Those who look to him are radiant; their faces are never covered with shame.(Psalm 34:5, NIV)

Friend to Friend

For years my abortion story went untold. It was a secret held tightly by a locked heart – my worst nightmare and darkest memory. Not something I wanted to talk about. Certainly not a story that I thought could be used for good.

Conversationally, it was unapproachable… simply impossible to discuss. On the rare occasion when I allowed my mind to go there, I wished I had a different story: one of life, not death – of joy, not pain. A story of a time when I’d made the best choice, not the worst choice.

But that’s not my story.

And because it’s not, for years I was convinced that my mistakes demanded silence. That because of what I’d done and where I’d been, I was bound to be quiet whenever the sacred topic of life arose. Certainly, I had no right to speak… or so I believed. Shame buttoned my lips.

Then I came to know a deeper grace. A grace found in the testimony of redemption. God’s grace. A grace that testifies of hope, healing and restoration. A grace found in the sharing and releasing of my broken heart-places. Amazing grace that boasts in the truth that all things can work together for good to those who love God and who are bound to His will and purpose (Romans 8:28).

By the grace of Jesus Christ, I now understand that – knowing what I know and having been where I’ve been – I am actually uniquely qualified to speak and encourage others toward life… forgiveness… and hope.

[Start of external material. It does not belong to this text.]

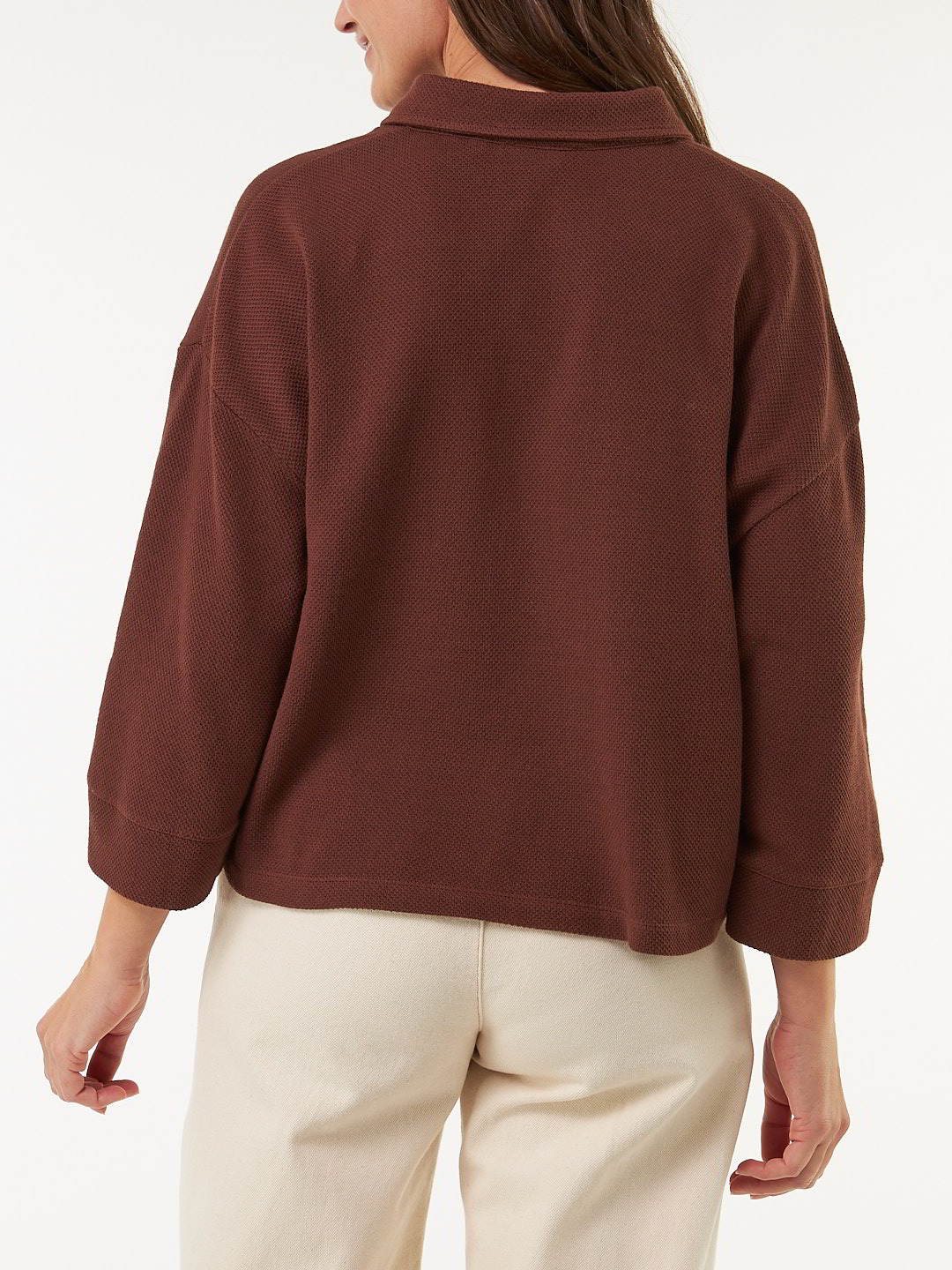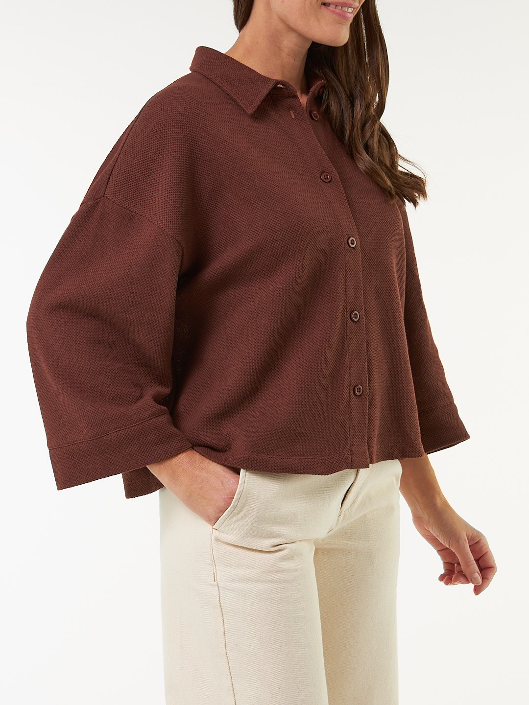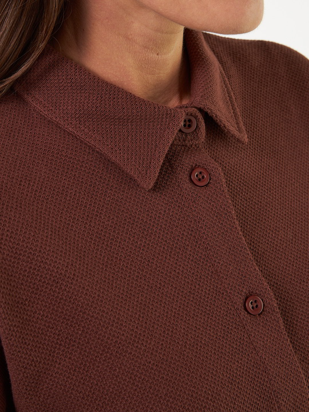 Leichtigkeit trifft StrukturDie Hemdbluse mit zarter Waffelstruktur sorgt dank der weichen, atmungsaktiven Baumwoll-Qualität für ein angenehmes Tragegefühl – ideal für alle Jahreszeiten. Die lockere Schnittführung mit überschnittenen Schultern, Kragen und durchgehender Knopfleiste verleiht der Bluse eine moderne, entspannte Silhouette. Ob als Shirtjacke, offen getragen über einem Top oder geschlossen als Statement-Piece – dieses vielseitige Kleidungsstück passt sich jedem Stil an. Der kastige Schnitt unterstreicht den puren, natürlichen Charakter der Serie.Schnitt: oversize. In Größe S (36/38) ca. 56 cm lang. Unsere Models sind zwischen 175 cm und 177 cm groß und tragen Kleidergröße S.Ökologisch & fair produziertEin schönes Stück Natur, welches wir nur zu gern tragen. Dieses Kleidungsstück entsteht aus Baumwolle kbA und wird nach strengen Richtlinien – wie dem Global Organic Textile Standard – bei unserem Partnerbetrieb gefertigt.Material: 100 % Baumwolle.Materialherkunft: Baumwolle kbA aus der Türkei. Gewirkt in der Türkei. Gefertigt in der Türkei nach dem GOTS. -

A few years ago, the Lord led me to participate in a post-abortive Bible study and a weekend retreat that allowed my heart to experience healing in places that I didn’t even know were wounded. I was given the opportunity to sift through my grief, to name my child, and to honor her tragic, unlived life in a beautiful memorial service. My story is now one of healing – and I will tell it until I take my last breath and meet my precious baby in heaven.

HEALING

For those of you who share my broken story, I encourage you toward this sacred healing – toward deeper grace. Death’s grip is suffocating and scary… but it’s not more powerful than the forgiveness and love found in Jesus. Don’t allow fear and shame to keep you from the restoration that God longs for you to experience. Call your local pregnancy care center and ask about their post-abortive Bible studies and retreats.

COURAGE

For those of you who are pregnant and afraid, I encourage you to choose life. I know the fears you are facing and the doubts that are screaming relentlessly to your heart. Silence them with the hope found in the center of grace. Whatever this looks like for you – whether it’s parenting or adoption – I implore you, from the deepest recesses of my heart, to allow your baby a chance to breathe, love, laugh and live. It will be one of the best choices you will ever make.

SUPPORT

For those of you who don’t share my story, but who support the efforts of life-affirming ministries on the front lines of this battle, I encourage you toward generous giving. I applaud you for your participation. Because of you, lives are being saved… and diapers are being changed… and dreams are being dreamed… and God is being honored. Because of your support, sacred hearts are beating. Thank you. A thousand times: thank you.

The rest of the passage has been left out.